Supporter, oui, mais pas de n’importe quel club, ni dans n’importe quelle tribune. Comment compose-t-on avec les spécificités du KOB de cette époque ?

En 1994, quand je suis arrivé à Boulogne, j’étais debout à côté de gars qui avaient sans doute fait les finales de 82 et 83. Des mecs qui se tapaient des déplacements traquenards pour leur club à Nantes, au Havre, à Bordeaux. Au KOB j’étais chez eux, alors même si j’étais pas d’accord avec eux, qui étais-je pour me la ramener ? Aujourd’hui j’affectionne les latérales, mais avec tout ce que cela comporte de défauts, je reste un gars du KOB. J’y ai vécu des moments incroyables et des merdiques, mais je ne peux pas renier cette identité. En Boulogne Rouge, debout, j’avoue que certaines phases de jeu il fallait les deviner. Quand ça marquait côté Auteuil on ne voyait même pas la balle, juste le parcage visiteur qui explosait, et nous on n’avait rien suivi de l’action. Cruauté maximale. 

Mais le Parc existe toujours, les virages sont encore là, physiquement. Une nouvelle génération tente d’y rallumer la flamme. La tentation d’y retourner, au moins pour voir, existe-t-elle ? 

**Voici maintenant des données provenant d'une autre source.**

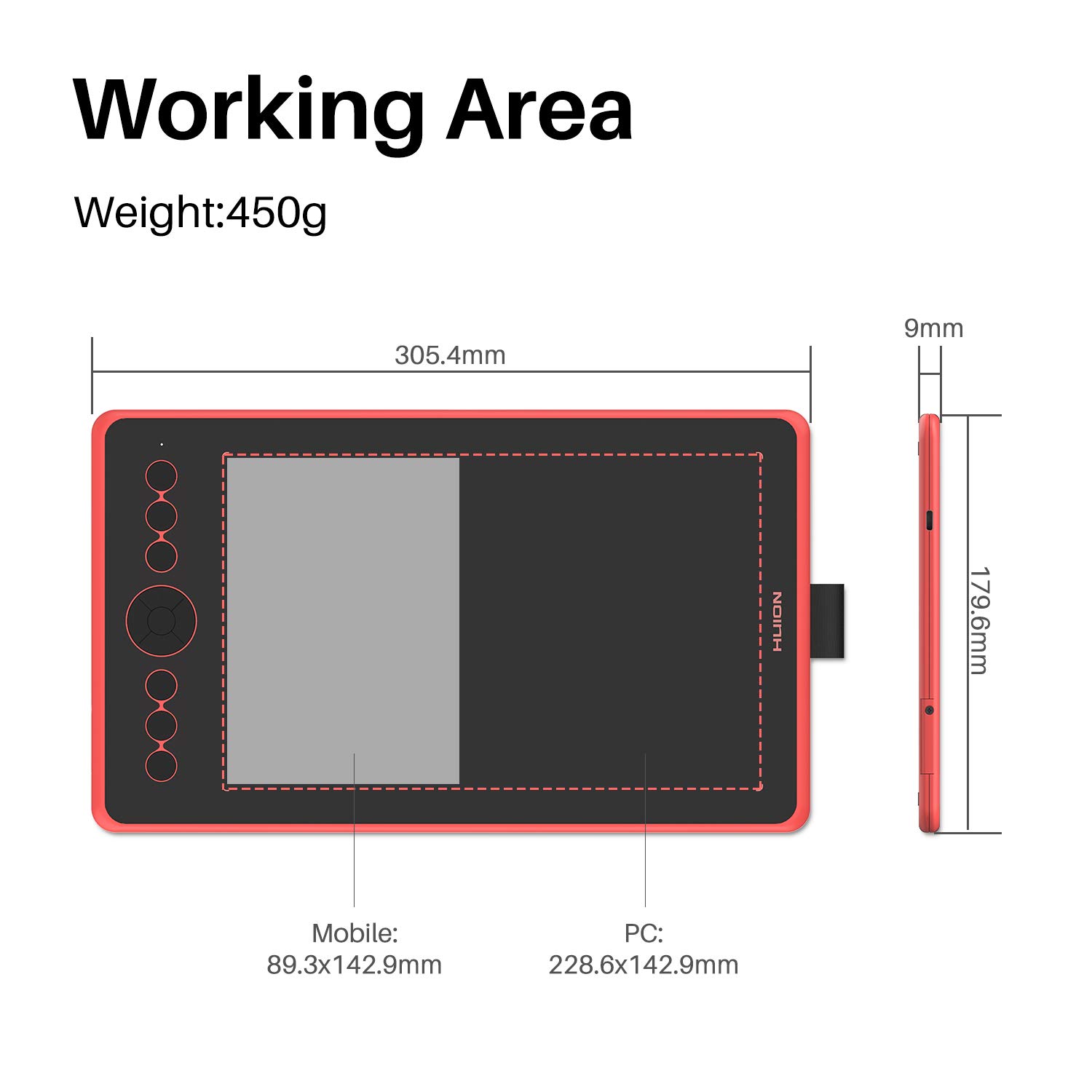 Ultrathin & Large Working Area – Only 9mm thick and weigh 450g, easy to carry the tablet&writing board around. 10.2×6.2 inch(LCD writing tablet side) and 9×5.6 inch(pen tablet side) sufficient working surface, provides you a carefree drawing experience.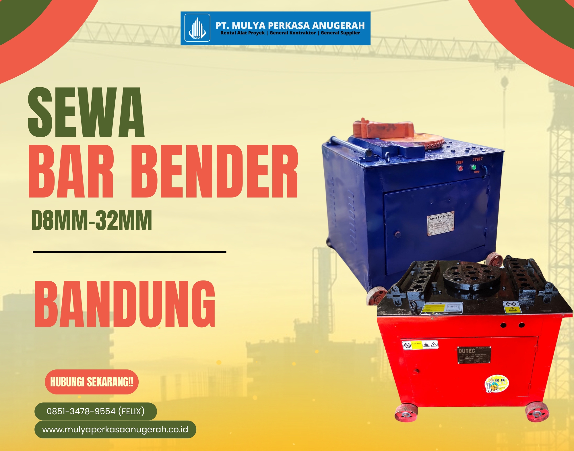PT Mulya Perkasa Anugerah telah berpengalaman dalam bidang penyewaan alat berat dan alat konstruksi selama bertahun-tahun. Dengan reputasi yang sudah teruji, kami menyediakan layanan sewa Bar Bender Bandung untuk berbagai kebutuhan konstruksi seperti pembangunan gudang, pabrik, gedung bertingkat, jalan, dan infrastruktur lainnya.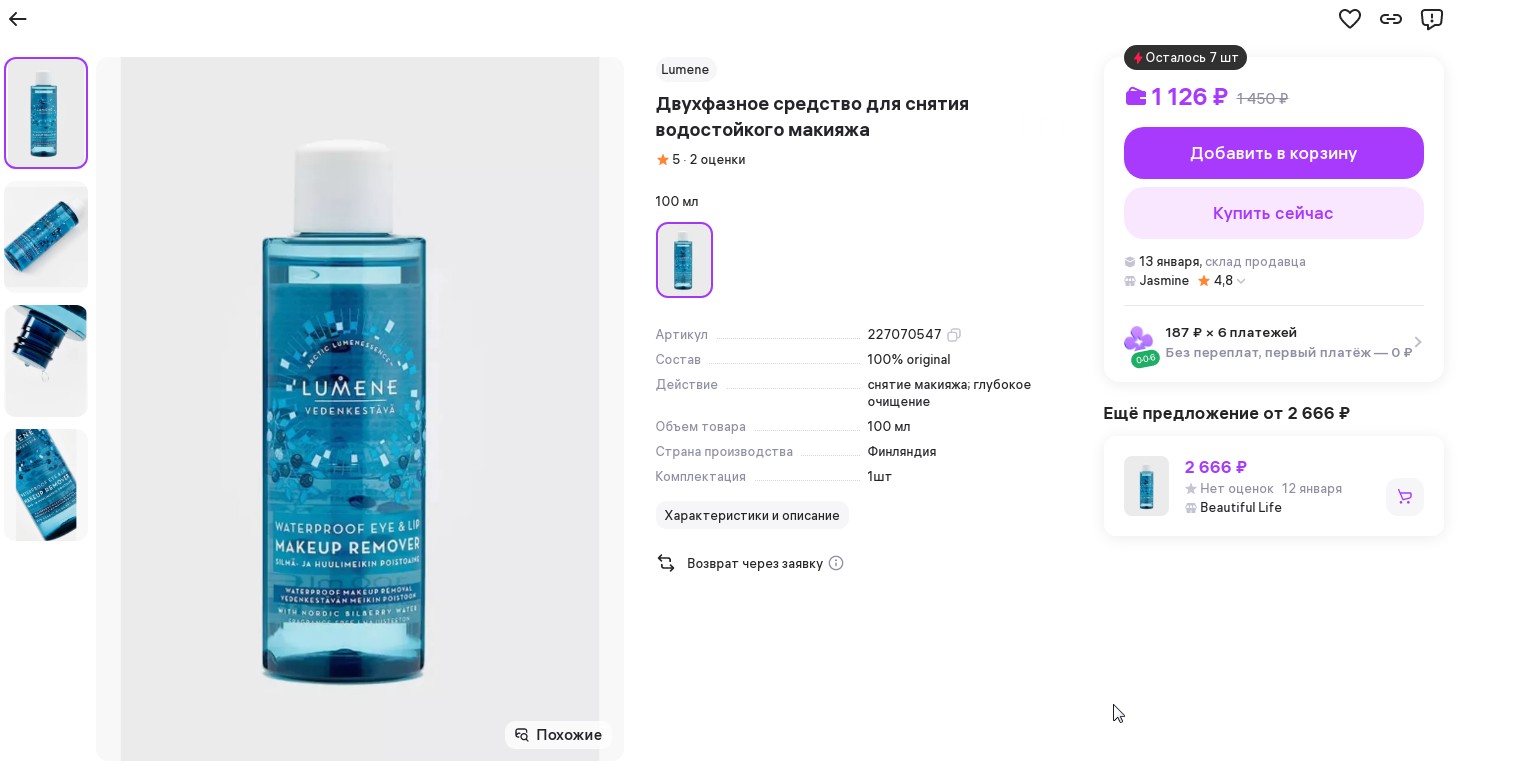 Отзывы и вопросы о товаре «LUMENE средство для снятия в\с макияжа 2х фазное 150мл»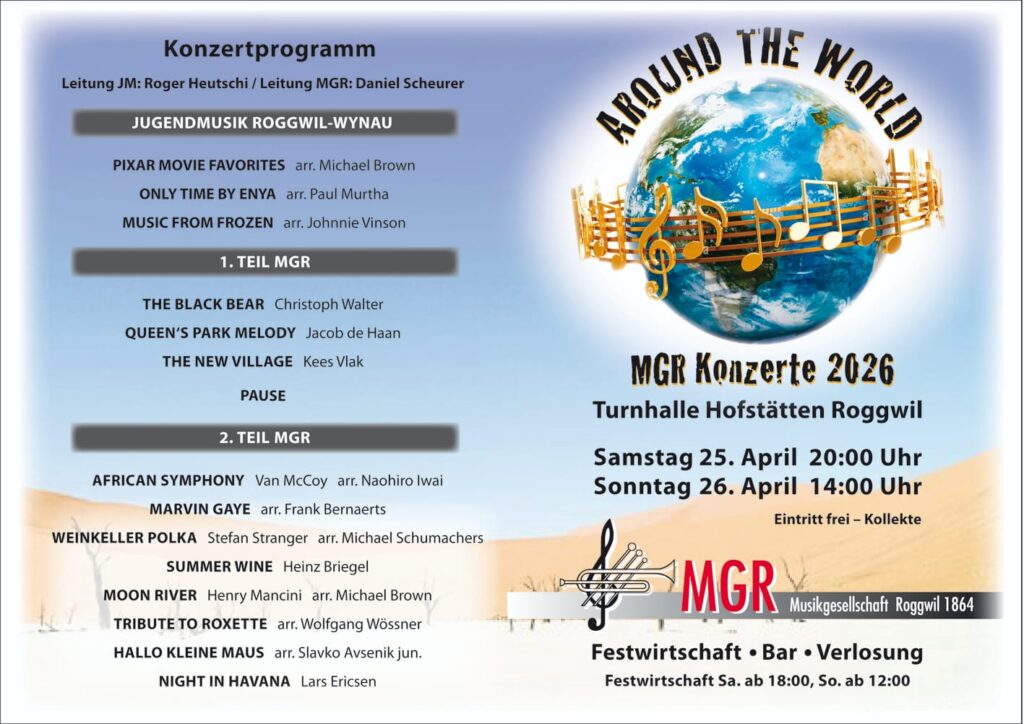 Das Konzert steht unter dem Motto: MGR ‘Around the World’. Ein spannendes Eintauchen in bekannte und auch fremde Melodien. Eine musikalische Reise rund um den Globus, auf der unser neuer Dirigent Daniel Scheurer als Reiseführer zusammen mit Instrumentenklang verschiedene Teile der Welt musikalisch bereist. Geniessen Sie auch die kulinarische Umrahmung!
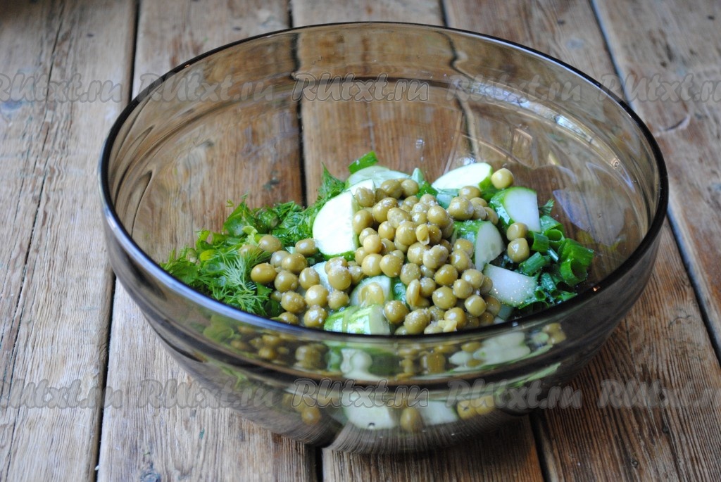 Консервированный горошек (без жидкости) отправить в миску с салатом.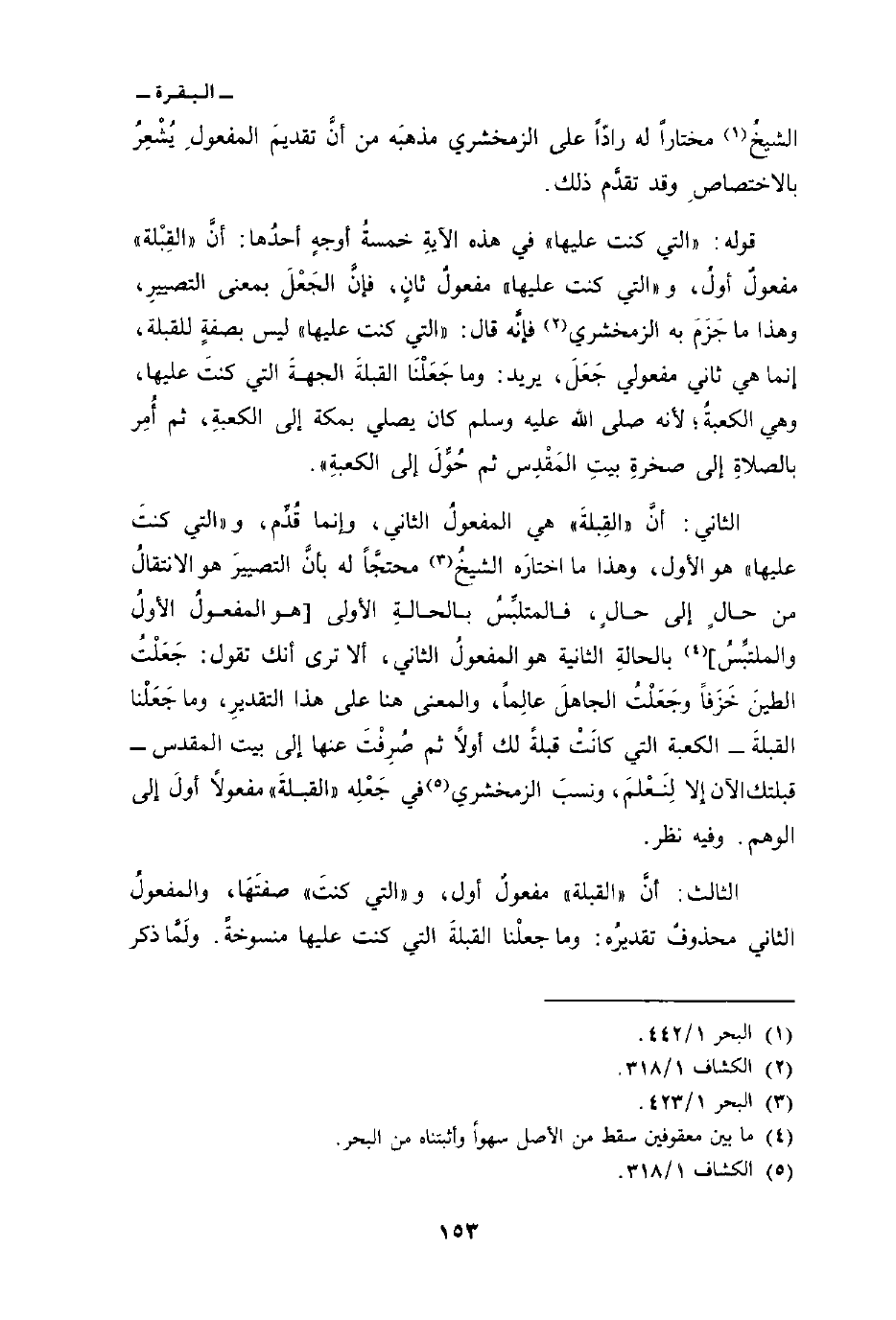 قوله: {التي كُنتَ عَلَيْهَآ} في هذه الآيةِ خمسةُ أوجهٍ أحدُها: أنَّ «القِبلْة» مفعولٌ أولُ، و {التي كُنتَ عَلَيْهَآ} مفعولٌ ثانٍ، فإنَّ الجَعْلَ بمعنى التصييرِ، وهذا ما جَزَمَ به الزمخشري فإنَّه قال: {التي كُنتَ عَلَيْهَآ} ليس بصفةٍ للقبلة، إنما هي ثاني مفعولي جَعَلَ، يريد: وما جَعَلْنَا القبلةَ الجهةَ التي كنتَ عليها، وهي الكعبةُ؛ لأنه صَلَّى اللهُ عَلَيْهِ وَسَلَّمَ كان يصلي بمكة إلى الكعبةِ، ثم أُمِر بالصلاةِ إلى صخرةِ بيتِ المَقْدِس ثم حُوِّلَ إلى الكعبةِ «.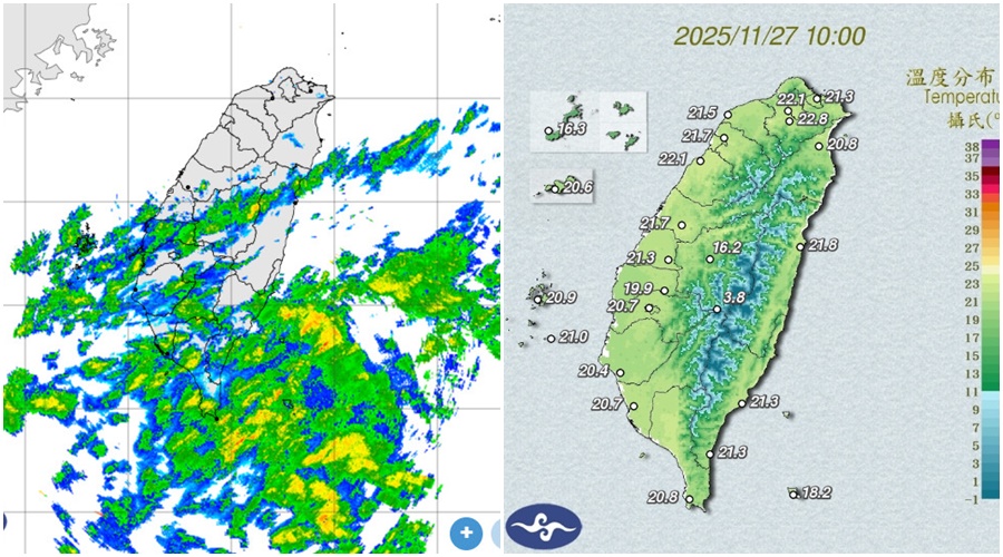 今天11月27日受東北季風影響,北部、東北部及東部天氣較涼,其他地區早晚亦涼;水氣稍有增多,桃園以北、臺灣東半部地區及恆春半島有局部短暫雨,竹苗、南部地區及中部山區有零星短暫雨,其他地區及澎湖、金門、馬祖為多雲的天氣;另因對流雲系發展旺盛,易有短延時強降雨,今天蘭嶼有局部大雨發生的機率。恆春半島沿海易有長浪發生,海邊活動請注意。

Je ne retournerai pas en virage au Parc : je suis trop vieux. Ce ne sont plus les mêmes chants, plus les mêmes gens… j’ai une mentalité de retraité. À Varsovie quand je vais au Legia je vais encore avec les Ultras, mais c’est que là-bas, rien n’a changé. Là-bas tu as la continuité, ici c’est la rupture. J’aime savourer l’ambiance que les gars mettent à Paris. Assis, je regarde leur tifo, je vois mieux. Ca fait partie de l’expérience. Le Parc post-Corona, je l’ai fait une fois, au So-Bar. C’est une loge panoramique, derrière une verrière. On te prend ton manteau et à la place on te met une flûte de champagne dans la main. Pourtant l’atmosphère n’est pas coincée. Et puis c’était PSG-Lyon, une affiche, un super scénario et dans le stade il y avait une belle ambiance. Retrouver le Parc en jauge pleine, pour la première fois depuis février 2020, c’était une grosse émotion…

Pendant ce temps, la pluie a arrêté de battre les vitres. L’heure avance, et les rituels de préparation pour un soir de match ça se respecte. Il est temps de partir, Mathieu Zagrodzki a une boucle à boucler. Un PSG – Lille pas comme les autres à vivre, et à partager.

Je vais passer une bonne soirée avec ma mère parce que le Parc c’est chez moi. Alors je vais lui faire la visite. Je sais où passer, quoi lui montrer. Je pourrai partager avec elle les cris, l’ambiance, le tumulte. Cela me permettra aussi de voir les choses d’un autre œil. Je ne fais pas cela fréquemment alors je vais lui expliquer plein de trucs : les ultras, les loges, les cabines des commentateurs, le parcage visiteur. Je vais me mettre à sa place. C’est tellement génial la première fois… Même si cela fait longtemps pour moi. Et même si ce n’est plus le même Parc.